Collection entries:
- - -
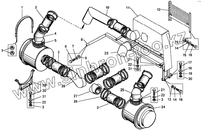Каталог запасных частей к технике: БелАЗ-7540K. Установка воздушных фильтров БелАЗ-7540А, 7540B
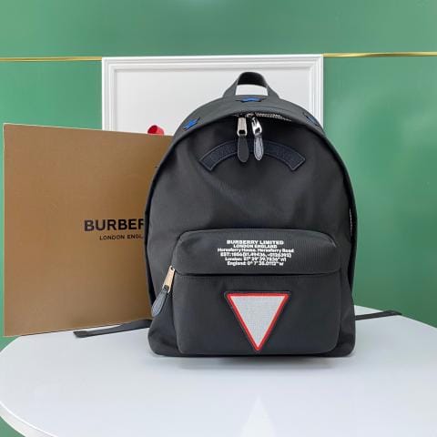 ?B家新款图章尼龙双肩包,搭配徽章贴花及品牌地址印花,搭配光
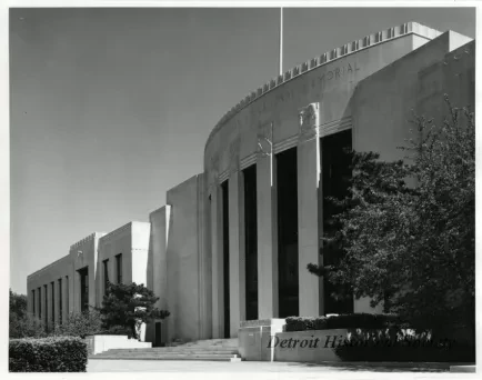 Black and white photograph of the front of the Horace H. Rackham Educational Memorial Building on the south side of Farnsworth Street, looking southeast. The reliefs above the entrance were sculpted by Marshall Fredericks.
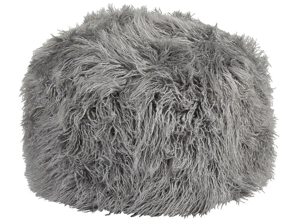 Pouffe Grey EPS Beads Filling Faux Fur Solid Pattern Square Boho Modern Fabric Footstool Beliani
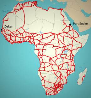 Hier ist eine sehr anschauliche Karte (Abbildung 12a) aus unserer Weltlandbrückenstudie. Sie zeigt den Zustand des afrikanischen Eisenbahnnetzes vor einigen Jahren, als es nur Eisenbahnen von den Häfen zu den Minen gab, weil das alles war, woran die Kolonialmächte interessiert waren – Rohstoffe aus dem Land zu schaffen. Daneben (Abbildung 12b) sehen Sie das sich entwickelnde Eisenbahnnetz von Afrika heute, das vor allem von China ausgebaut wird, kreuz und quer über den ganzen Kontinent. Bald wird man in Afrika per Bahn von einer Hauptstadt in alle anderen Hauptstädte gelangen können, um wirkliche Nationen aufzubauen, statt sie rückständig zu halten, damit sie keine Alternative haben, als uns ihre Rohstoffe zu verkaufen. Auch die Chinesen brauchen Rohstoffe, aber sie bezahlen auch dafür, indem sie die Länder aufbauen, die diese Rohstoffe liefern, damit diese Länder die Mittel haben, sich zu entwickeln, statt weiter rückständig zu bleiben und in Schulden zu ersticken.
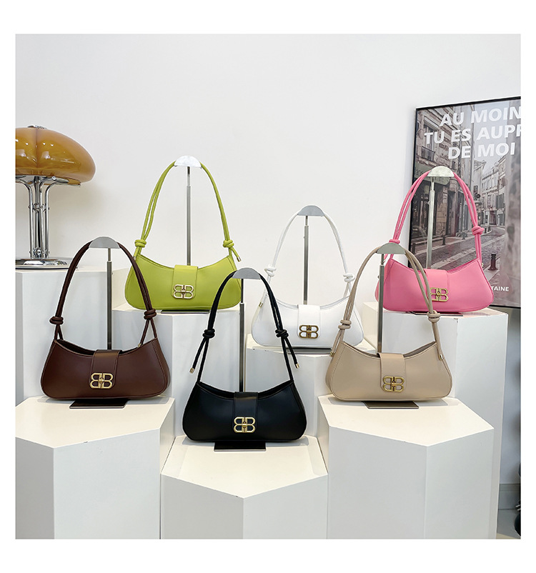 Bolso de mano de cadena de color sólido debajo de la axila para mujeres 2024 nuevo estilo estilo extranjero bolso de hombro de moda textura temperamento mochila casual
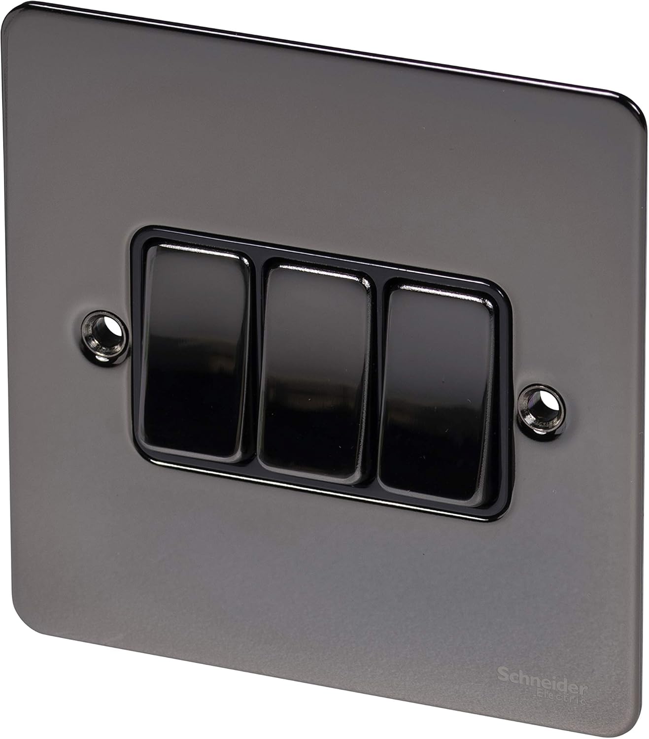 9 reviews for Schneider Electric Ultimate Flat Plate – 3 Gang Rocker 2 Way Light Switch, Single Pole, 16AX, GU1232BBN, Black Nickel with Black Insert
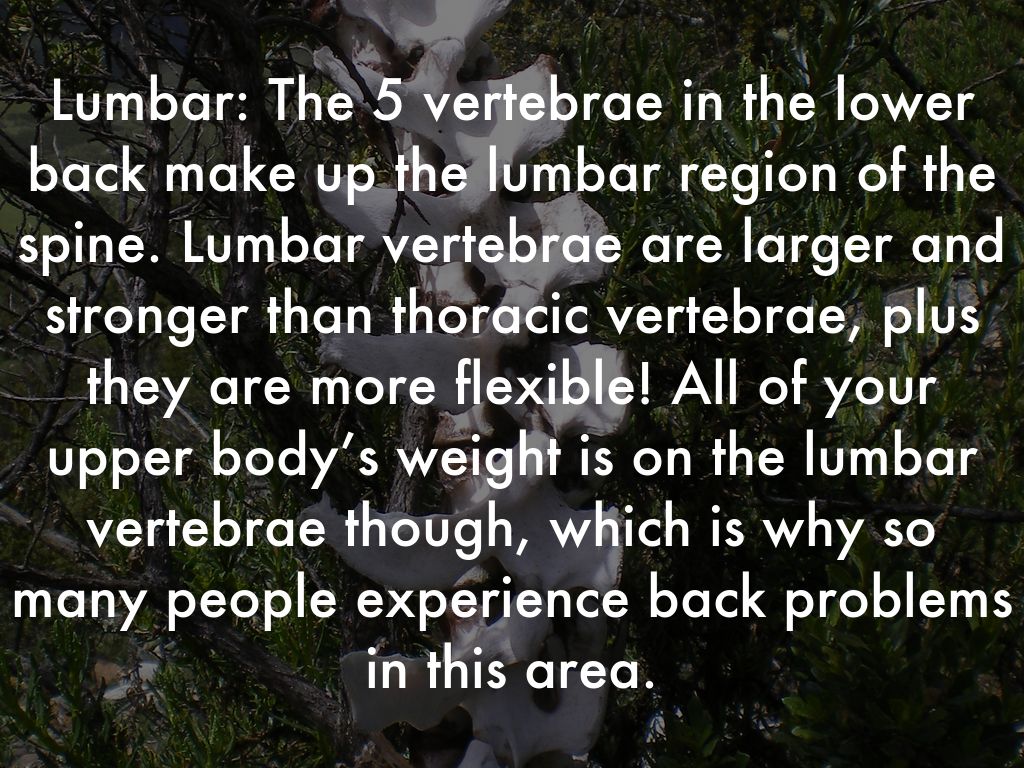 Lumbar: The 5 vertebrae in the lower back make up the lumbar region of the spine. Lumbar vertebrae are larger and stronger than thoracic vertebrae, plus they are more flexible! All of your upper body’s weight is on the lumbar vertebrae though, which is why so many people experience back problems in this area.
- - -
Task statement: Omit the pictures. Print, word for word, the lines from the beginning of the entries above through the line that holds "Hier ist eine".

Response to the exercise:
Каталог запасных частей к технике: БелАЗ-7540K. Установка воздушных фильтров БелАЗ-7540А, 7540B
 ?B家新款图章尼龙双肩包,搭配徽章贴花及品牌地址印花,搭配光
 Black and white photograph of the front of the Horace H. Rackham Educational Memorial Building on the south side of Farnsworth Street, looking southeast. The reliefs above the entrance were sculpted by Marshall Fredericks.
 Pouffe Grey EPS Beads Filling Faux Fur Solid Pattern Square Boho Modern Fabric Footstool Beliani
 Hier ist eine sehr anschauliche Karte (Abbildung 12a) aus unserer Weltlandbrückenstudie. Sie zeigt den Zustand des afrikanischen Eisenbahnnetzes vor einigen Jahren, als es nur Eisenbahnen von den Häfen zu den Minen gab, weil das alles war, woran die Kolonialmächte interessiert waren – Rohstoffe aus dem Land zu schaffen. Daneben (Abbildung 12b) sehen Sie das sich entwickelnde Eisenbahnnetz von Afrika heute, das vor allem von China ausgebaut wird, kreuz und quer über den ganzen Kontinent. Bald wird man in Afrika per Bahn von einer Hauptstadt in alle anderen Hauptstädte gelangen können, um wirkliche Nationen aufzubauen, statt sie rückständig zu halten, damit sie keine Alternative haben, als uns ihre Rohstoffe zu verkaufen. Auch die Chinesen brauchen Rohstoffe, aber sie bezahlen auch dafür, indem sie die Länder aufbauen, die diese Rohstoffe liefern, damit diese Länder die Mittel haben, sich zu entwickeln, statt weiter rückständig zu bleiben und in Schulden zu ersticken.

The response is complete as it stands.